The cassowary likes to live in forests. Its egg weighs about 584 grams (0.584kg) with 10cm (3.9 inches) to 16 cm (6.2 inches) in length. In captivity, they live between 40 to 60 years. It is considered as one of the closest living species to the dinosaurs.


Rhea

This is also one of the largest flightless birds found in South America. The rhea has large wings but does not use them for flight, instead it runs with its opened wings, which are almost over eight feet when stretched. They have strong legs and long neck, and run like the ostrich and emu, due to which it seems almost similar to them. The rhea is 5.5 feet high and weighs up to 40kgs and lives in the wild up to 15 years. Its egg is about 5.1 inches in length that weighs up to 600 grams (0.6kg).


Kiwi

The kiwi is a small non-flying bird found in New Zealand. It is also the national symbol of this country where there are five species of this bird. Because of the significance of this bird in the country, the people of New Zealand are also called Kiwis.

The kiwi is only 20 inches tall and weighs about two pounds. It has plumage which looks like the hair in mammals. It has the ability to sense smell, a characteristic which it also shares with mammals.

Though the kiwi is small in size, it lays a large egg in relation to its body size. This bird lives in burrows and log holes. It has a long pointed beak that helps it in getting insects easily. It is mostly active at night that’s when it searches for food. The kiwi lives for up to 40 years in the wild.


Kakapo

The kakapo is a parrot with short wings, soft feathers and it does not fly. Its body weight of about four kilograms makes it the heaviest among all the species of parrots. These birds are endemic to New Zealand. Since they are not capable of flying, they are good climbers and spend day time on tree branches and become active at night. They are herbivores and forage on the ground.


Penguin

The penguin is a flightless bird which prefers the aquatic habitats of the Southern Hemisphere and Antarctic.
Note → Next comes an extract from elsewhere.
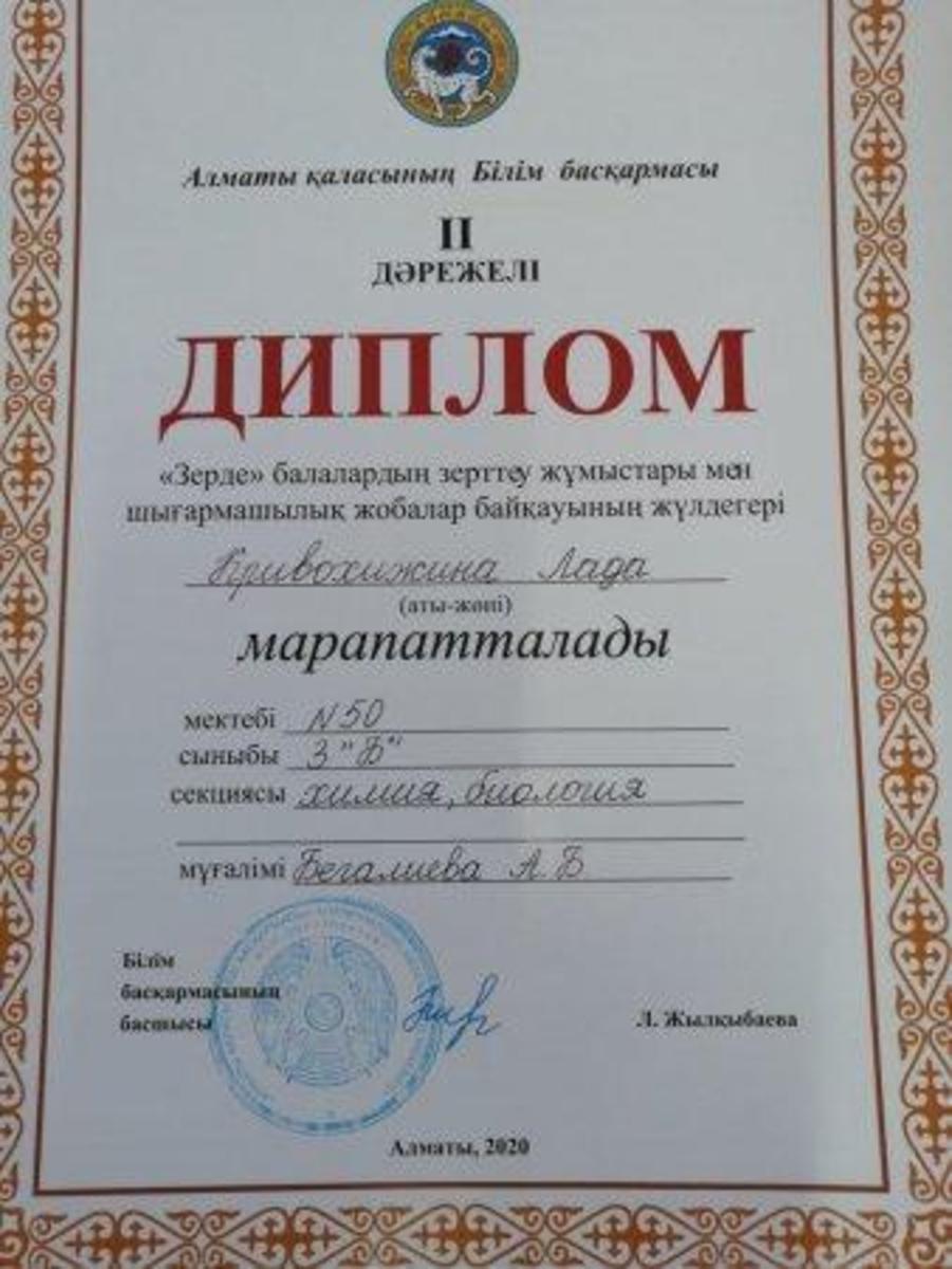 Ученица 3 «Б» класса КГУ ОШ № 50 Кривохижина Лада, под руководством учителя начальных классов Бегалиевой А.Б., заняла 2 место в городском этапе Республиканского конкурса «Зерде» научно-исследовательских проектов учащихся 1-7 классов (секция: химия, биология)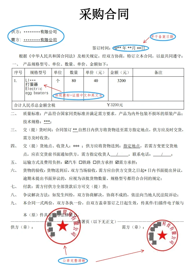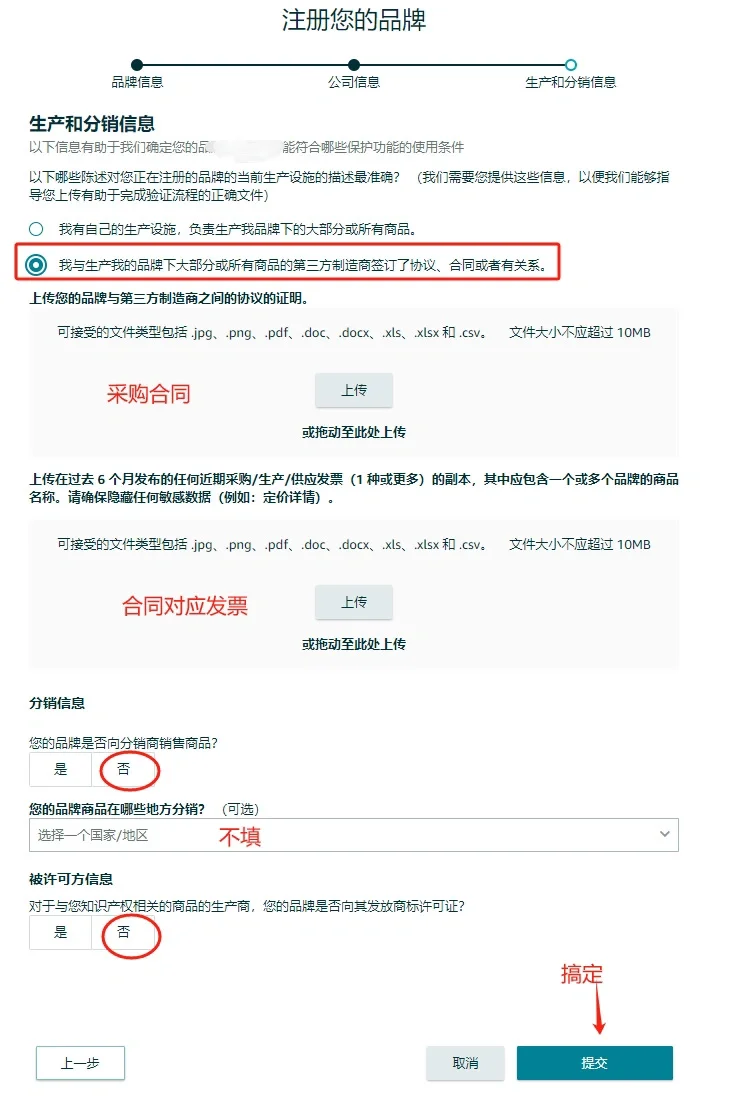 我最近注册了两家新店,并再次办理了品牌注册手续。与前两年相比没有太大区别,但据说审查变得更加严格了 关于图1、图2、图3和图4,没有什么好说的。按照我的箭头进行选择 图5。填写商标名称和注册号后,将自动进行验证。如果收据刚刚签发,验证可能会失败。只需等待一天系统刷新 商标持有人是商店的注册公司或法人,需要收据。如果没有,则需要额外的授权书 形象要求:产品和包装上应有品牌标志。贴在上面是不可接受的,但它应该是永久性的雕刻或印刷。从不同角度准备多张图像 图6:选择卖家并检查要注册的网站 请注意,如果您不希望美国网站将来影响欧洲网站,或者欧洲需要单独注册商标,请不要主动将其标记为关联商标。美国标记只检查北美,欧洲标记只检查欧洲。这是我亲自踩过的一个坑[失望的R] 图7,为了选择第三方,需要准备采购合同和发票,模板分别如图8和图9所示。请注意,双方的公司名称和公章必须真实、清晰,合同签订日期必须早于备案日期 产品名称应反映产品的品牌名称、中文和英文名称。例如,耐克鞋应该写为“耐克鞋”,金额并不重要,只要一两百元就足够了 开具发票,除了公司名称和税号,以及产品名称外,还应包括中英文品牌,金额应与采购合同相对应。发票日期是机器打印的,不能更改。请在备注中填写:xx品牌,xx注册邮箱,并开具xx年xx月xx日的采购合同发票。 最后,单击提交并等待几天。一旦你收到验证码电子邮件,你就完成了。祝大家一次性通过!

It has black and white plumage and, instead of wings, it has flippers which help it in swimming and feeding, mostly on fish.
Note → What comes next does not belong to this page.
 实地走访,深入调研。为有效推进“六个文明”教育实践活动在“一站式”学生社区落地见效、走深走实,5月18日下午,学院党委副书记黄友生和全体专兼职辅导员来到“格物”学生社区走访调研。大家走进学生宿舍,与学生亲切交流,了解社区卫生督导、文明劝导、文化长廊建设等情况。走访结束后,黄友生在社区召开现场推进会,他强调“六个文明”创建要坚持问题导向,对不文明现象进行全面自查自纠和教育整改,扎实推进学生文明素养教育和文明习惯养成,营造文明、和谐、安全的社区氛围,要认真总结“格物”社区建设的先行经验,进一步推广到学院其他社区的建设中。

The emperor penguin is the largest species, which attains a height of more than three and a half feet and weighs as much as 35kgs. As a means of insulation, its thick feathers keep it warm in the cold. They preen, that is, care for their feathers, so as to keep them waterproof with the help of the oil their body produces.

All the 17 species of penguins are flightless and they walk and also slide on their bellies on ice or snow. They spend most of their time in water and lay eggs on land. The movie Happy Feet features the emperor penguin as the main characters.


Rails

The inaccessible island rail is the smallest flightless bird in the world which is restricted to Australia. This is a chicken-like bird dwelling in grassland and marshy areas. Rails fly with short bursts but are good runners and even swimmers, and eat insects, fruits and seedlings. They are very shy and usually remain under the cover of thick vegetation. The rails are ground-dwelling birds preferring wetlands, coots, crakes and gallinules. They have flourished in places where there were no predators and therefore, they never took flight.


Domestic duck and poultry

Besides these, you have seen other flightless birds which are the domesticated ducks and hens. They may fly with short burst instead of extended flight unlike common birds.

The red jungle fowl is the ancestor of domestic hens that has the ability to fly but domestic hens are not capable of flying. Similarly, the mallard duck is the ancestor of domestic ducks. The mallard duck is a great flier and covers thousands of miles during its migration from north to the south during winter. But domestic ducks have lost this ability of flight due to favourable adjustment in the human environment.


Dodo

The dodo was also a flightless bird once found on island of Mauritius but it has become extinct. This bird was about three feet tall and weighed up to 21kgs. There are sketches and paintings of the dodo but there are no photographs. It staple diet included nuts, seeds, roots and fallen fruits.